● **What you are asked to do**
The material below is to be copied exactly from the line with "Previously: Free! Belfast." up to and including the line with "Lámpara de cristal", with nothing else kept and no pictures.

● **Data under study**

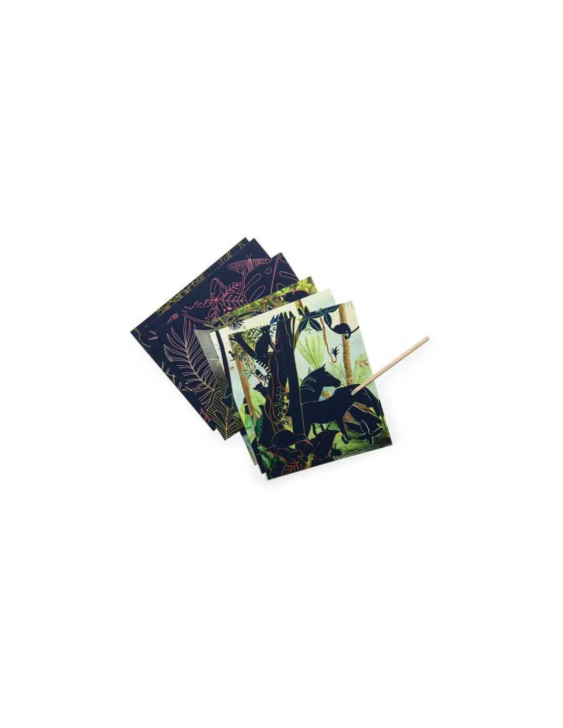 Découvrez les Cartes à gratter de la collection Tout autour du monde de Moulin Roty, une activité créative et ludique pour les enfants à partir de 5 ans qui contient 6 cartes à gratter avec modèle et un bâtonnet.
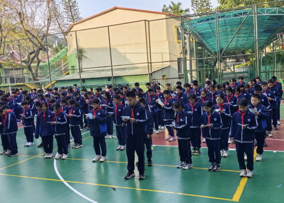 文明行为: 不乱扔垃圾,不随地吐痰,爱护公共设施,遵守公共秩序。课间休息,不串班不打闹;集会进退有序,安静倾听;同学之间自尊自爱,举止得体,保持分寸,尊重他人感受。”同学们坚定的宣读声在整个操场回响。
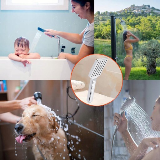 ✅ Słuchawka Prysznicowa Kwadratowa 3-Funkcyjna - Chrom lustrzana EKO
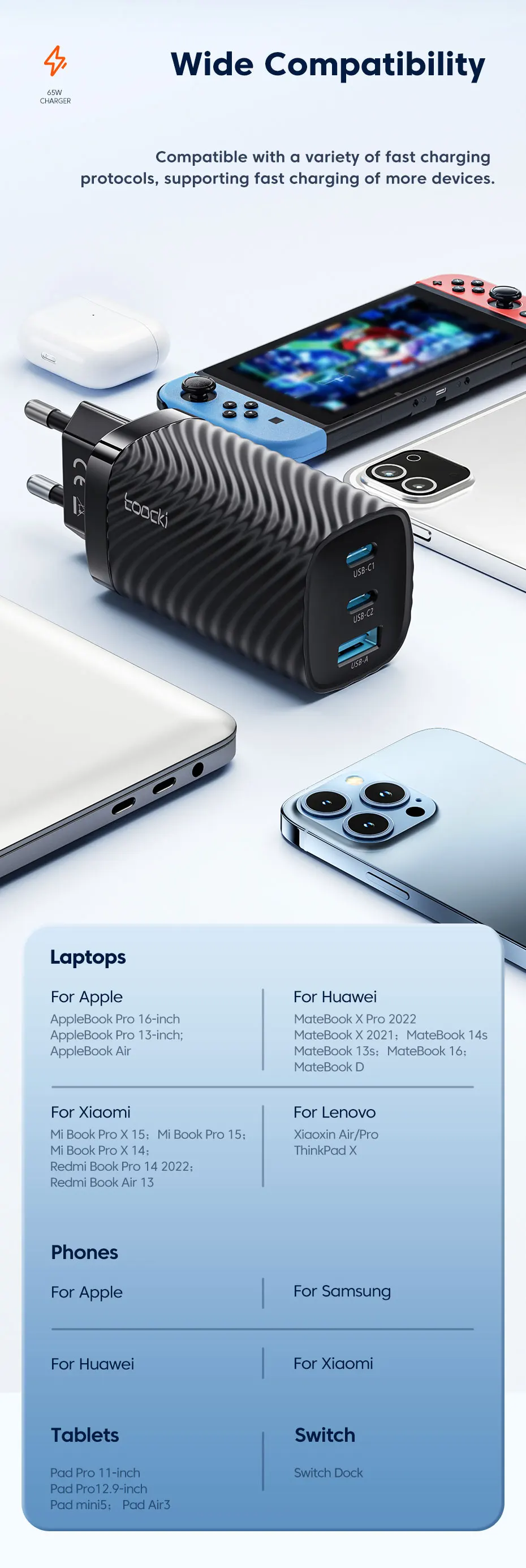 Comprar Toocki-cargador GaN de 65W tipo C, dispositivo de carga rápida 4,0 PD para iPhone 14, Macbook, Xiaomi, Samsung S23, Ultra USB
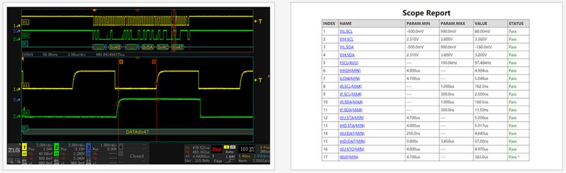 手機、智能穿戴、家電、智慧屏、多媒體影音等嵌入式智能設備,對于內(nèi)部總線通信時序一致性有嚴格要求。ZDS5054D創(chuàng)新的時序分析功能,可分析IIC、IIS、SPI、MIPI-RFFE等信號的脈寬、幅值、邊沿、建立時間、保持時間等多種組合參數(shù),原本手動測試需要幾十分鐘,使用時序分析功能自動測試僅需一秒鐘即可完成,并可導出測試報告。
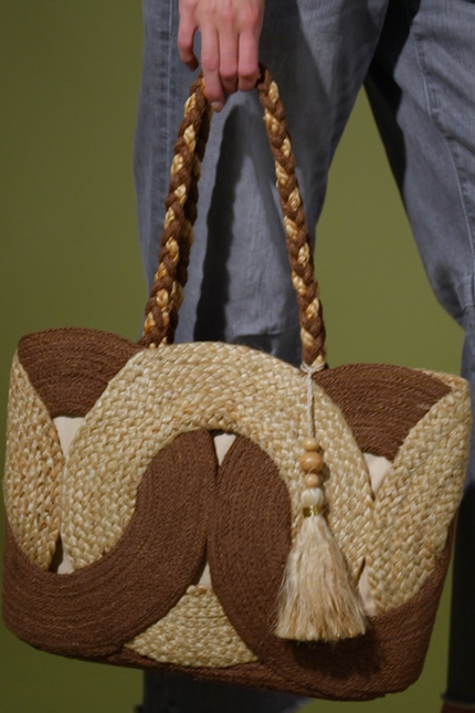 This woven jute shoulder bag brings laid-back beach vibes to any setting—even when you're far from the shore. Its elegant circular design paired with beautifully braided straps offers durability with effortless style. Perfect for weekend getaways or your everyday routine, this bag infuses a touch of coastal charm into your look. Enjoy a versatile accessory that effortlessly blends practicality with a relaxed, breezy aesthetic wherever you roam.
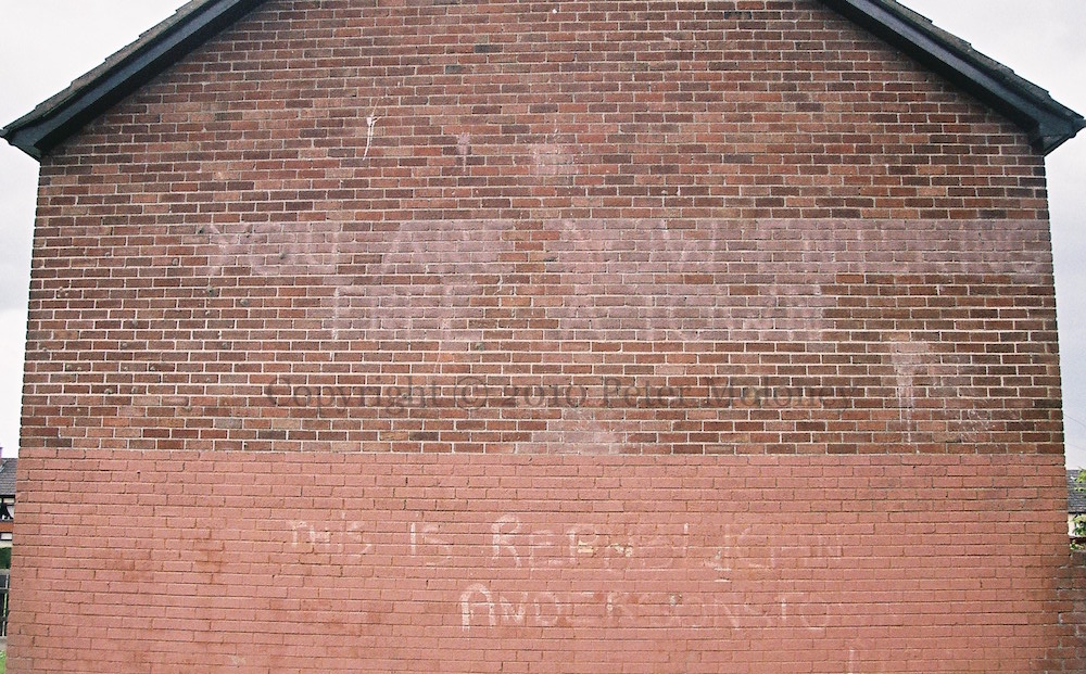 “You are now entering free A’town. This is republican Andersonstown.” Graffiti in Rossnareen Avenue, Belfast. Previously: Free! Belfast.
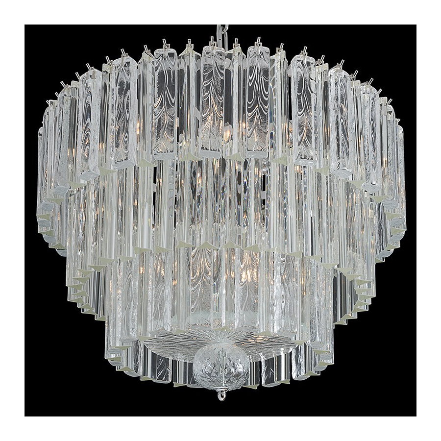 Lámpara de cristal de Murano con platos de vidrio pulegoso, estructura cromada o bronce.
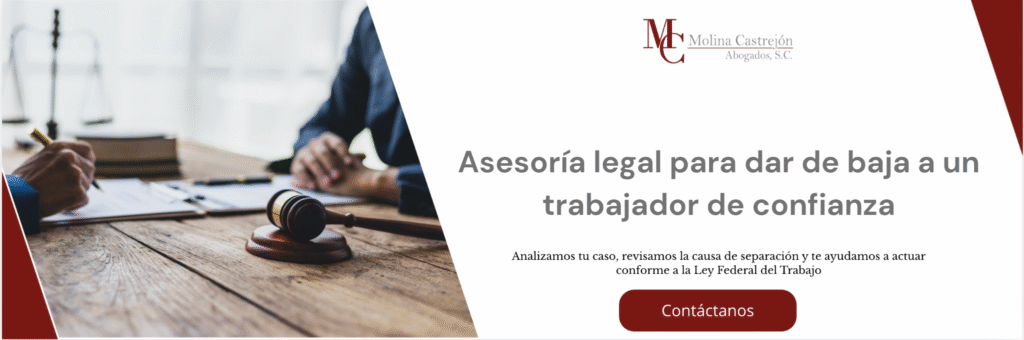 Si tu empresa necesita orientación sobre cómo dar de baja a un trabajador de confianza, lo más sensato es no improvisar. Cuando el tema se revisa con calma, fundamento legal y un trato respetuoso, es mucho más fácil proteger el negocio sin perder de vista que del otro lado hay una persona.Y si buscas apoyo para hacerlo de forma correcta, clara y estratégica, vale la pena acercarse a Abogados Molina Castrejón.
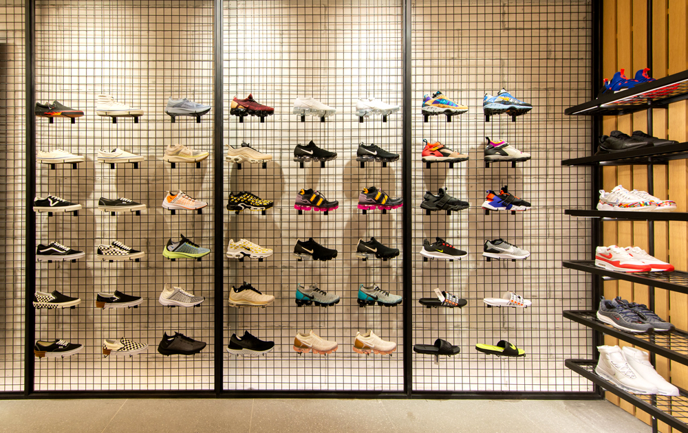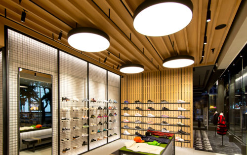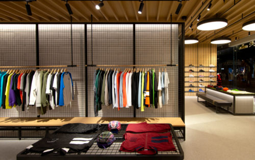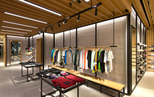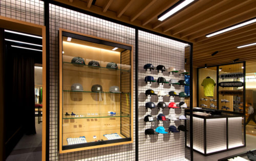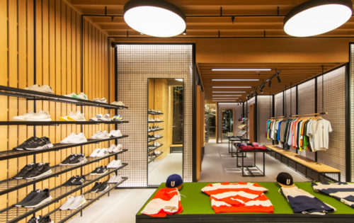 Furthermore, black wire racks and display cabinets play contrast to the white tile walls, as the store is captivated by a skylight that brings natural illumination inside.
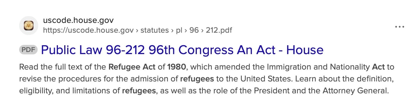 Side note: US House of Representatives has removed the 1980 US Refugee Act from their government website.

● **Response to the exercise**
 “You are now entering free A’town. This is republican Andersonstown.” Graffiti in Rossnareen Avenue, Belfast. Previously: Free! Belfast.
 Lámpara de cristal de Murano con platos de vidrio pulegoso, estructura cromada o bronce.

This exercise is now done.